I asked OpenAI’s ChatGPT some technical questions about Australian drug laws, li...

Spivak · on Feb 13, 2023

Y’all are using this tool very wrong and in a way that none of the AI integrated search engines will. You assume the AI doesn’t know anything about the query, provide it the knowledge from the search index and ask it to synthesize it.

That seed data is where the citations come from.

skissane · on Feb 13, 2023

There’s still the risk that if the search results it is given don’t contain the answer to the exact question you asked it, that it will hallucinate the answer.

Spivak · on Feb 13, 2023

10,000% true which is why AI can't replace a search engine, only compliment it. If you can't surface the documents that contain the answer then you'll only get garbage.

skissane · on Feb 13, 2023

Maybe we need an algorithm like this:

1. Search databases for documents relevant to query

2. Hand them to AI#1 which generates an answer based on the text of those documents and its background knowledge

3. Give both documents and answer to AI#2 which evaluates whether documents support answer

4. If “yes”, return answer to user. If “no”, go back to step 2 and try again

Each AI would be trained appropriately to perform its specialised task

vidarh · on Feb 14, 2023

A GAN approach to penalising a generator for generating something that is not supported by it's available data would be interesting (and I'm sure some have tried it already, I'm not following the field closely), but for many subjects creating training sets would be immensely hard (for some subjects you certainly could produce large synthetic training sets)

batch12 · on Feb 14, 2023

I've been working on something like this for fun. I know its not grownbreakimg, but it's an interesting problem.

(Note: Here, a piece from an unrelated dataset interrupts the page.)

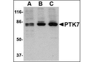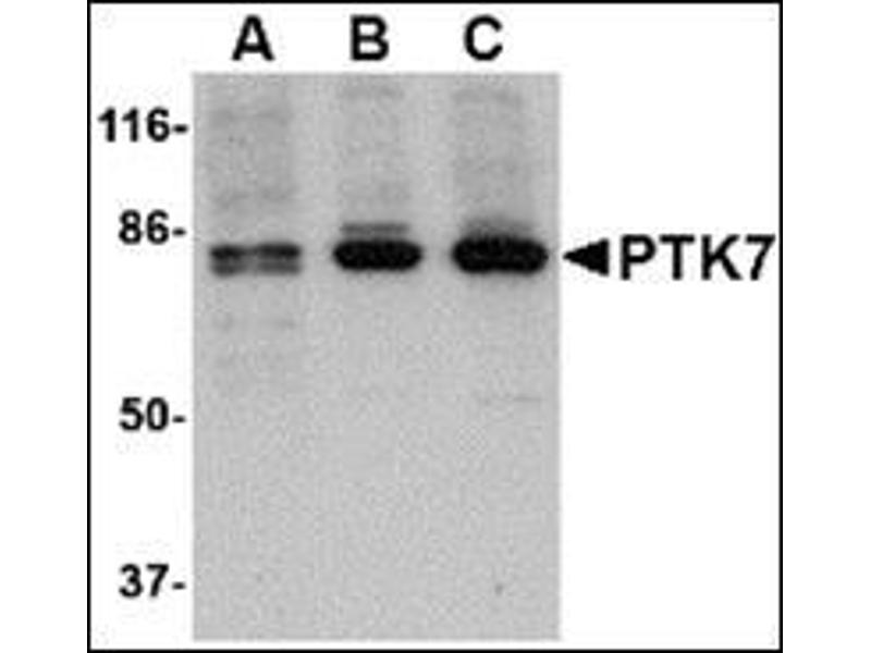 - PTK7 antibody was raised against a 15 amino acid peptide from near the amino terminus of human PTK7.

timdavila · on Feb 13, 2023

You're holding it wrong!

Spivak · on Feb 13, 2023

Look I know that "user is holding it wrong" is a meme but this is a case where it's true. The fact that LLMs contain any factual knowledge is a side-effect. While it's fun to play with and see what it "knows" (and can actually be useful as a weird kind of search engine if you keep in mind it will just make stuff up) you don't build an AI search engine by just letting users query the model directly and call it a day.

You shove the most relevant results form your search index into the model as context and then ask it to answer questions from only the provided context.

Can you actually guarantee the model won't make stuff up even with that? Hell no but you'll do a lot better. And the game now becomes figuring out better context and validating that the response can be traced back to the source material.

stdgy · on Feb 13, 2023

The examples in the article seem to be making the point that even when the AI cites the correct context (ie: financial reports) it still produces completely hallucinated information.

So even if you were to white-list the context to train the engine against, it would still make up information because that's just what LLMs do. They make stuff up to fit certain patterns.

williamcotton · on Feb 13, 2023

That’s not correct. You don’t need to take my word for it. Go grab some complete baseball box scores and you can see that ChatGPT will reliably translate them into an entertaining English paragraph -length outline of the game.

This ability to translate is experimentally shown to be bound to the size of the LLM but it can reliably not synthesize information for lower complexity analytic prompts.

joe_the_user · on Feb 14, 2023

You don't build an AI search engine by just letting users query the model directly and call it a day.

Have you ever built an AI search engine? Neither have Google or MS yet. No one knows yet what the final search engine will be like.

However, we have every indication that all of the localization and extra training are fairly "thin" things like prompt engineering and maybe a script filtering things.

And given that despite ChatGPT's great popularity, the application is a monolithic text prediction machine and so it's hard to see what else could be done.

nl · on Feb 14, 2023

Who is this "you" you speak of when you say "you don't build an AI search engine by just letting users query the model directly and call it a day."

Because Microsoft might not have exactly done that, but it isn't far off it.